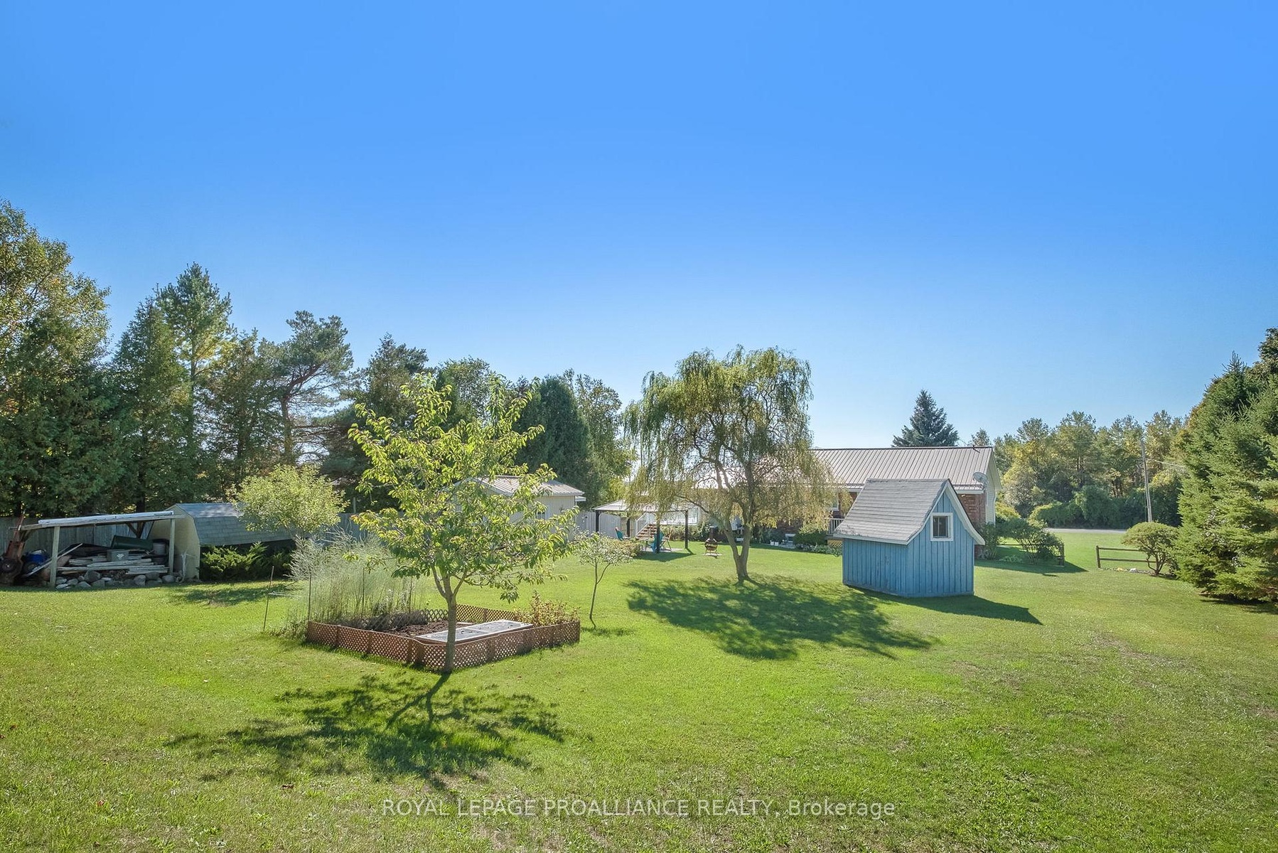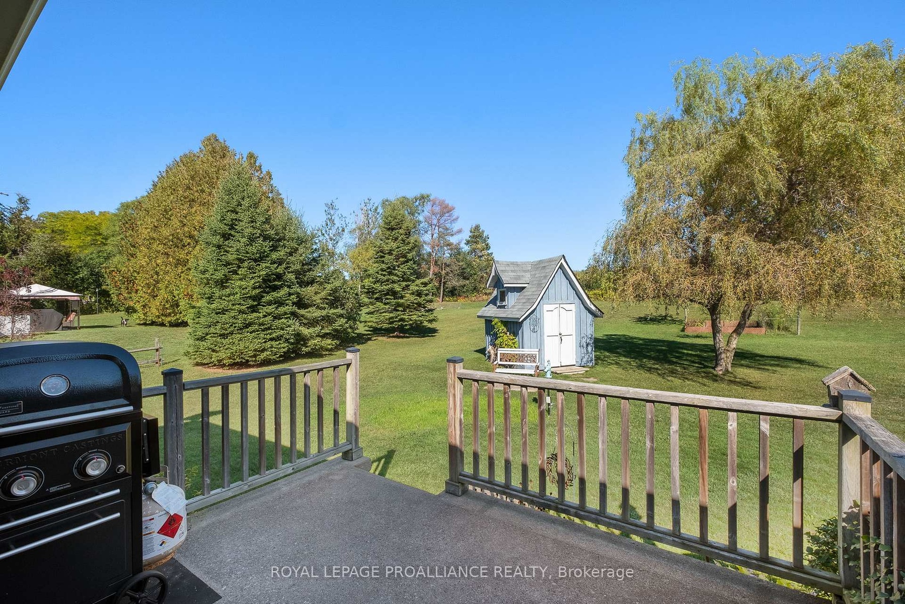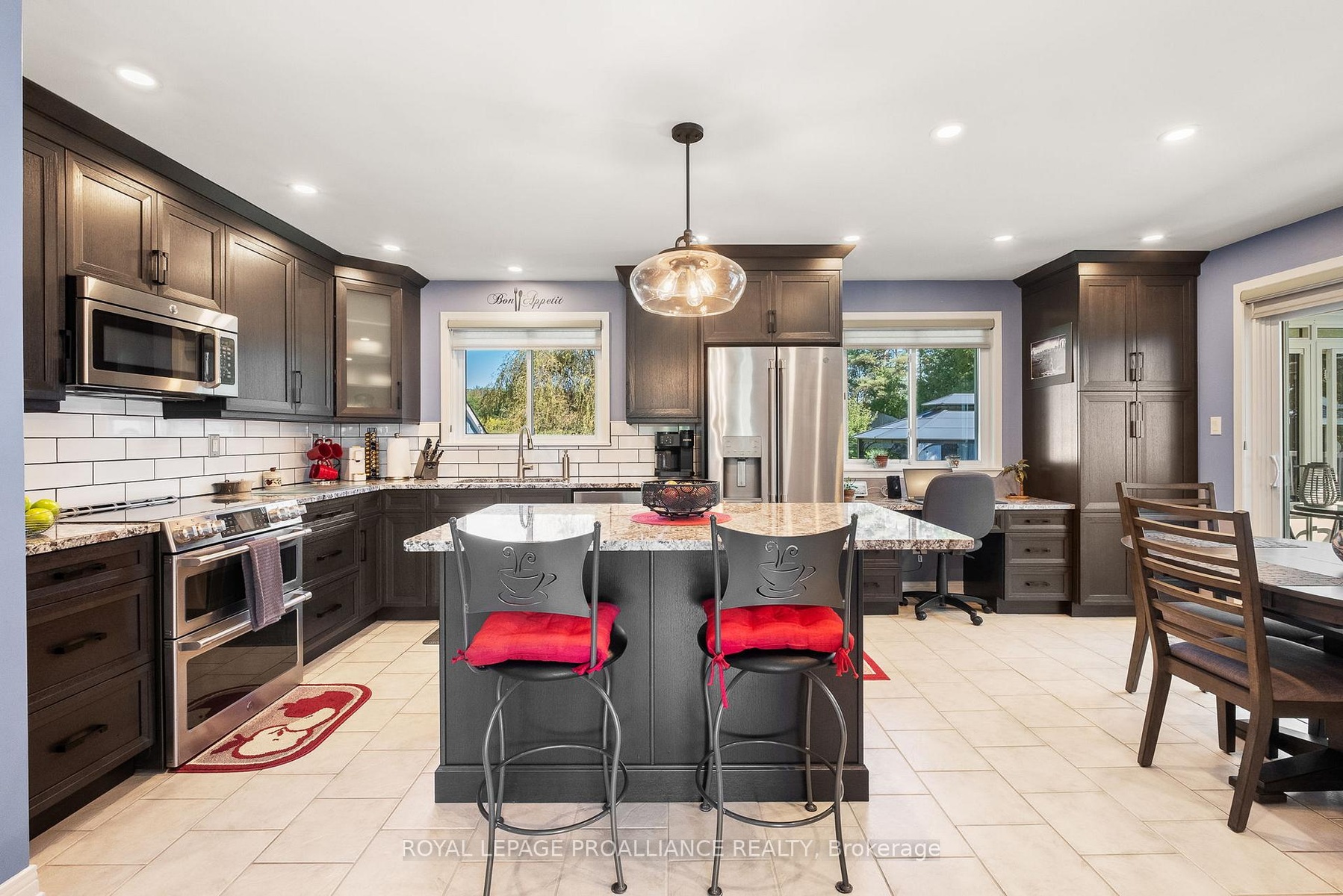 When Location Tops Your List - This One Delivers! Set on a private, beautifully landscaped lot just minutes from Cobourg's beach, marina, golf, hospital, shopping, dining, and 401 access, this meticulously maintained raised bungalow offers the perfect blend of country charm and town convenience. Step inside this bright and updated 2+1 bedroom, 2-bathroom home and be instantly impressed. The modern gourmet kitchen features granite counters, extensive custom cabinetry, and a built-in desk perfect for everyday living and entertaining. A stunning 4-season sunroom with cathedral ceiling, heat/AC, and wraparound windows opens to a unique upper deck with views of Lake Ontario ideal for morning coffee or sunset gatherings. The lower level offers a generous family room, freshly renovated 3-piece bath, bright third bedroom, and a large laundry area with direct entry to the 1.5-car garage. Enjoy quality finishes throughout, including hardwood, tile, and luxury vinyl plank flooring. Energy efficiency is top-notch with a ground-source heat pump and premium Water Furnace system offering substantial hydro savings. Outside, the charm continues with perennial gardens, fruit trees, berries, asparagus beds, and a steel gazebo with custom rubber flooring. Three custom sheds (10x18, 8x10, 8x8) provide excellent storage. Additional upgrades include a lifetime metal roof, freshly paved drive, newer windows, high-end kitchen appliances (10K+), dusk-to-dawn motion lighting, and security system. Full list of features/upgrades attached. Move-in ready and truly special this is the one you've been waiting for!
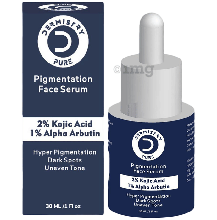 Dermistry Pure 2% Kojic Acid 1% Alpha Arbutin Pigmentation Face Serum is a uniquely crafted skincare solution formulated to address issues related to hyperpigmentation, dark spots, and uneven skin tone. Enriched with 2% Kojic Acid and 1% Alpha Arbutin, it may help inhibit melanin production, brighten the complexion, and create a more even skin tone. The serum's lightweight, fast-absorbing formula penetrates deeply to manage the appearance of age spots, freckles, melasma, and post-inflammatory pigmentation. With powerful antioxidant properties, it can provide protection against environmental stressors while supporting overall skin hydration and radiance. Suitable for regular use, this serum may work effectively to promote a glowing, even-toned complexion, fitting seamlessly into your skincare routine.
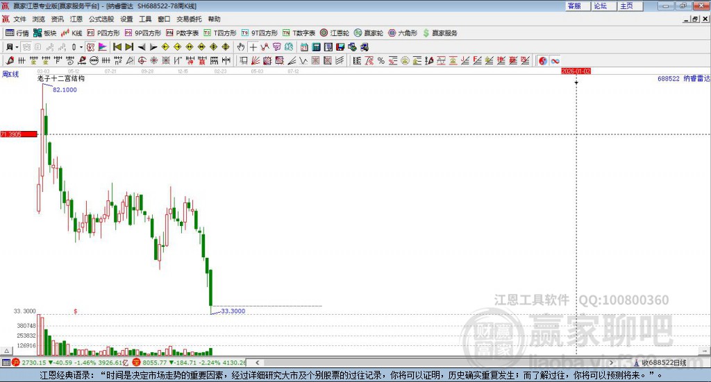 依據(jù)贏家十二宮結(jié)構(gòu)模型工具展示,本周股價(jià)處于2025年11月21日形成的下跌結(jié)構(gòu)底部線36.2上方區(qū)域,該股自近期高點(diǎn)48.05跌至本周41.45,跌幅15.92%。依據(jù)贏家十二宮多空能量守恒規(guī)則,若股價(jià)不能有效站穩(wěn)底部線,下方多空能量平衡位需結(jié)合前方贏家十二宮結(jié)構(gòu)尋找。
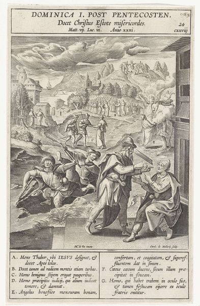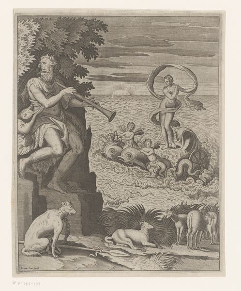 Curator: Today we are looking at a 17th-century engraving titled "Den fortabte søn som svinehyrde"—"The Prodigal Son as Swineherd." It's by an anonymous artist, part of the SMK collection. And it presents a vivid depiction of, well, the prodigal son in a rather unfortunate situation. Editor: My immediate reaction? It’s quite earthy. The textures conveyed purely through line work! The contrast between the fine details of the swine and the overall grittiness feels, dare I say, incredibly appropriate. It reminds me of the saying about "wallowing in it"—he's literally doing that, isn't he? Curator: Indeed! It's an image steeped in symbolism. The very medium of engraving lends itself to such stark contrasts, doesn't it? Think about the laborious process—the careful cutting, the deliberate inking—each step mirroring the son's slow descent and the grinding reality of his circumstances. The contrast highlights the moral of this genre painting. Editor: It’s interesting that you mention labor. The act of engraving mirrors the very labor the prodigal son is reduced to: a craft that demands both precision and endurance, feeding swine instead of inheriting generational wealth. The consumption involved both literally, in terms of food and gluttony. Curator: Absolutely, it's all very material, isn't it? Notice the crude wooden trough from which the swine are feeding. It's such a contrast to what he has wasted! Editor: The very essence of being human—reduction into tools to create material excess. Think of all those perfectly rendered hairs on the pigs, each tiny engraved line! Even now this work becomes a luxury object that obscures it origins in base labour. It brings new perspective to this common fable! Curator: I agree. It invites introspection on waste, labor, humility, and redemption. This engraving serves as a powerful testament to the era's social mores and the human condition itself, brought into the context of materiality. Editor: A fitting parable rendered in a most revealing and, frankly, stomach-churning form. A deep lesson of consumption, but a clear message about the work ethic!
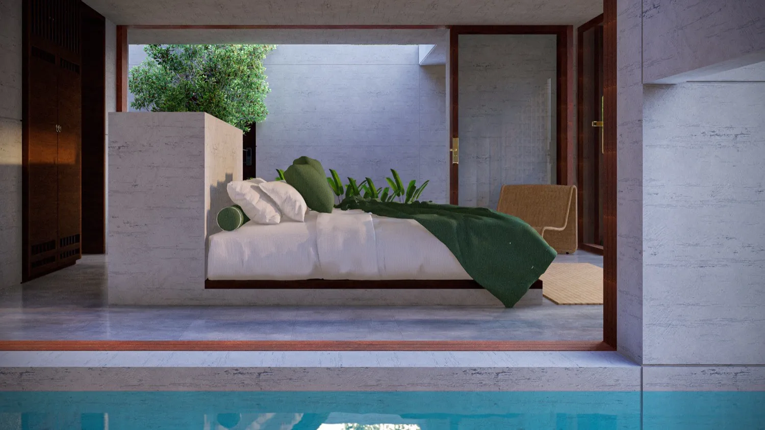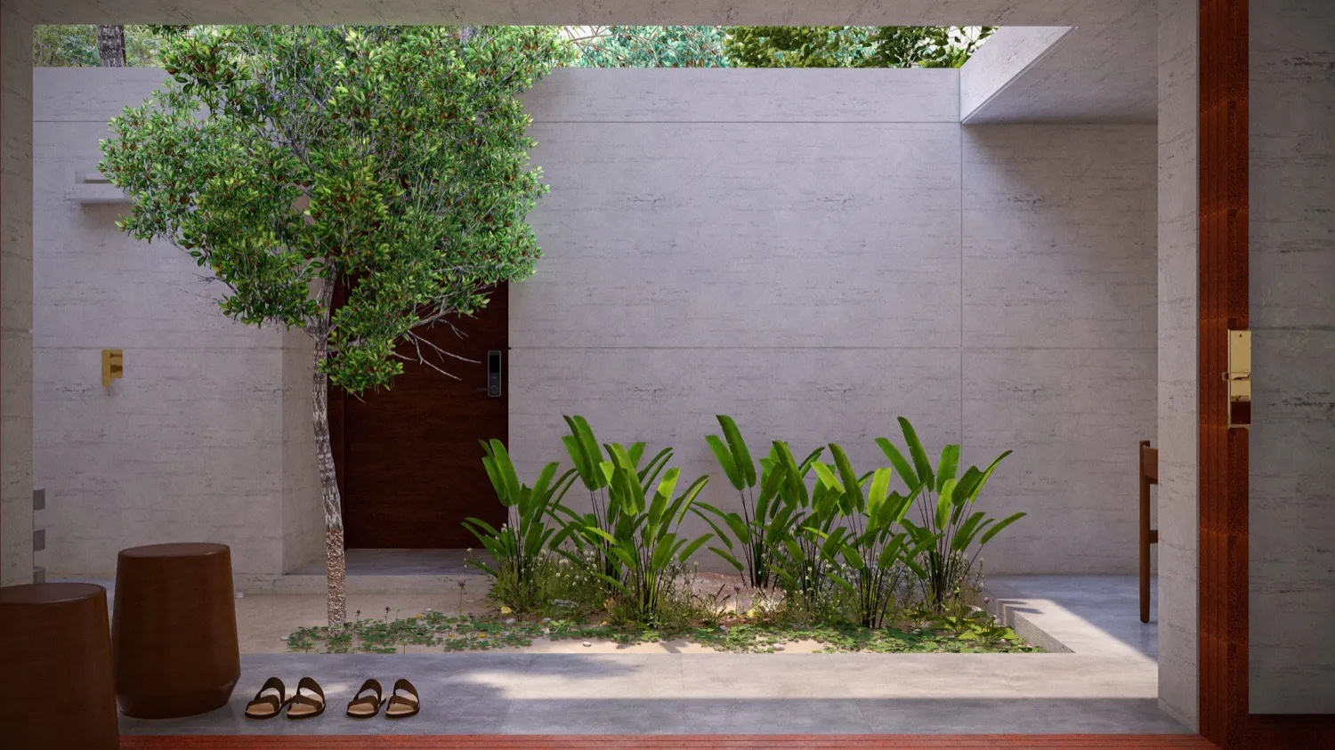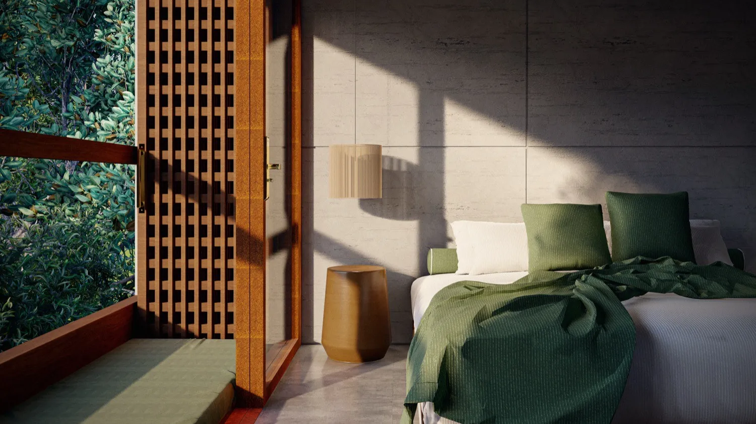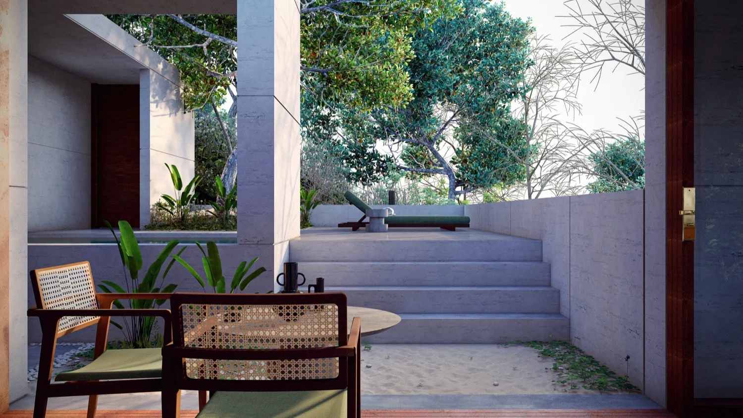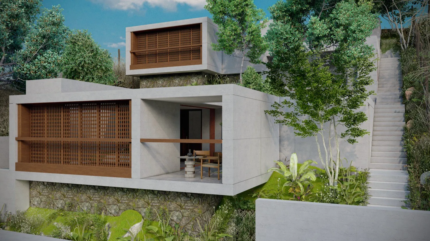 Ubicado en la montaña de El Sunzal, El Salvador, este proyecto de hospitalidad boutique nace sobre un terreno de 600 m2, cuidadosamente intervenido para conservar la esencia del lugar. Los principales árboles del sitio fueron preservados, convirtiéndose en parte fundamental del recorrido y del espíritu introspectivo que guía la experiencia. Aquí, la arquitectura no se impone: se adapta, enmarca y dialoga con el entorno. El diseño responde a una visión clara: crear un refugio atemporal donde el tiempo se detiene y la magia interior florece. Con una estética brutalista delicada, se combinan materiales como el concreto, el mimbre y detalles dorados para generar contraste y profundidad. Cada unidad cuenta con piscina privada, duchas al aire libre y vistas que invitan a la contemplación. Las amenidades —sauna, jardín de contemplación y espacio de yoga— complementan un concepto que busca más que descanso: busca transformación.

• _Exercise description_
Would you set down the material exactly as it stands, without the pictures?

• _Result_
 When Location Tops Your List - This One Delivers! Set on a private, beautifully landscaped lot just minutes from Cobourg's beach, marina, golf, hospital, shopping, dining, and 401 access, this meticulously maintained raised bungalow offers the perfect blend of country charm and town convenience. Step inside this bright and updated 2+1 bedroom, 2-bathroom home and be instantly impressed. The modern gourmet kitchen features granite counters, extensive custom cabinetry, and a built-in desk perfect for everyday living and entertaining. A stunning 4-season sunroom with cathedral ceiling, heat/AC, and wraparound windows opens to a unique upper deck with views of Lake Ontario ideal for morning coffee or sunset gatherings. The lower level offers a generous family room, freshly renovated 3-piece bath, bright third bedroom, and a large laundry area with direct entry to the 1.5-car garage. Enjoy quality finishes throughout, including hardwood, tile, and luxury vinyl plank flooring. Energy efficiency is top-notch with a ground-source heat pump and premium Water Furnace system offering substantial hydro savings. Outside, the charm continues with perennial gardens, fruit trees, berries, asparagus beds, and a steel gazebo with custom rubber flooring. Three custom sheds (10x18, 8x10, 8x8) provide excellent storage. Additional upgrades include a lifetime metal roof, freshly paved drive, newer windows, high-end kitchen appliances (10K+), dusk-to-dawn motion lighting, and security system. Full list of features/upgrades attached. Move-in ready and truly special this is the one you've been waiting for!
 Dermistry Pure 2% Kojic Acid 1% Alpha Arbutin Pigmentation Face Serum is a uniquely crafted skincare solution formulated to address issues related to hyperpigmentation, dark spots, and uneven skin tone. Enriched with 2% Kojic Acid and 1% Alpha Arbutin, it may help inhibit melanin production, brighten the complexion, and create a more even skin tone. The serum's lightweight, fast-absorbing formula penetrates deeply to manage the appearance of age spots, freckles, melasma, and post-inflammatory pigmentation. With powerful antioxidant properties, it can provide protection against environmental stressors while supporting overall skin hydration and radiance. Suitable for regular use, this serum may work effectively to promote a glowing, even-toned complexion, fitting seamlessly into your skincare routine.
 依據(jù)贏家十二宮結(jié)構(gòu)模型工具展示,本周股價(jià)處于2025年11月21日形成的下跌結(jié)構(gòu)底部線36.2上方區(qū)域,該股自近期高點(diǎn)48.05跌至本周41.45,跌幅15.92%。依據(jù)贏家十二宮多空能量守恒規(guī)則,若股價(jià)不能有效站穩(wěn)底部線,下方多空能量平衡位需結(jié)合前方贏家十二宮結(jié)構(gòu)尋找。
 Curator: Today we are looking at a 17th-century engraving titled "Den fortabte søn som svinehyrde"—"The Prodigal Son as Swineherd." It's by an anonymous artist, part of the SMK collection. And it presents a vivid depiction of, well, the prodigal son in a rather unfortunate situation. Editor: My immediate reaction? It’s quite earthy. The textures conveyed purely through line work! The contrast between the fine details of the swine and the overall grittiness feels, dare I say, incredibly appropriate. It reminds me of the saying about "wallowing in it"—he's literally doing that, isn't he? Curator: Indeed! It's an image steeped in symbolism. The very medium of engraving lends itself to such stark contrasts, doesn't it? Think about the laborious process—the careful cutting, the deliberate inking—each step mirroring the son's slow descent and the grinding reality of his circumstances. The contrast highlights the moral of this genre painting. Editor: It’s interesting that you mention labor. The act of engraving mirrors the very labor the prodigal son is reduced to: a craft that demands both precision and endurance, feeding swine instead of inheriting generational wealth. The consumption involved both literally, in terms of food and gluttony. Curator: Absolutely, it's all very material, isn't it? Notice the crude wooden trough from which the swine are feeding. It's such a contrast to what he has wasted! Editor: The very essence of being human—reduction into tools to create material excess. Think of all those perfectly rendered hairs on the pigs, each tiny engraved line! Even now this work becomes a luxury object that obscures it origins in base labour. It brings new perspective to this common fable! Curator: I agree. It invites introspection on waste, labor, humility, and redemption. This engraving serves as a powerful testament to the era's social mores and the human condition itself, brought into the context of materiality. Editor: A fitting parable rendered in a most revealing and, frankly, stomach-churning form. A deep lesson of consumption, but a clear message about the work ethic!
 Ubicado en la montaña de El Sunzal, El Salvador, este proyecto de hospitalidad boutique nace sobre un terreno de 600 m2, cuidadosamente intervenido para conservar la esencia del lugar. Los principales árboles del sitio fueron preservados, convirtiéndose en parte fundamental del recorrido y del espíritu introspectivo que guía la experiencia. Aquí, la arquitectura no se impone: se adapta, enmarca y dialoga con el entorno. El diseño responde a una visión clara: crear un refugio atemporal donde el tiempo se detiene y la magia interior florece. Con una estética brutalista delicada, se combinan materiales como el concreto, el mimbre y detalles dorados para generar contraste y profundidad. Cada unidad cuenta con piscina privada, duchas al aire libre y vistas que invitan a la contemplación. Las amenidades —sauna, jardín de contemplación y espacio de yoga— complementan un concepto que busca más que descanso: busca transformación.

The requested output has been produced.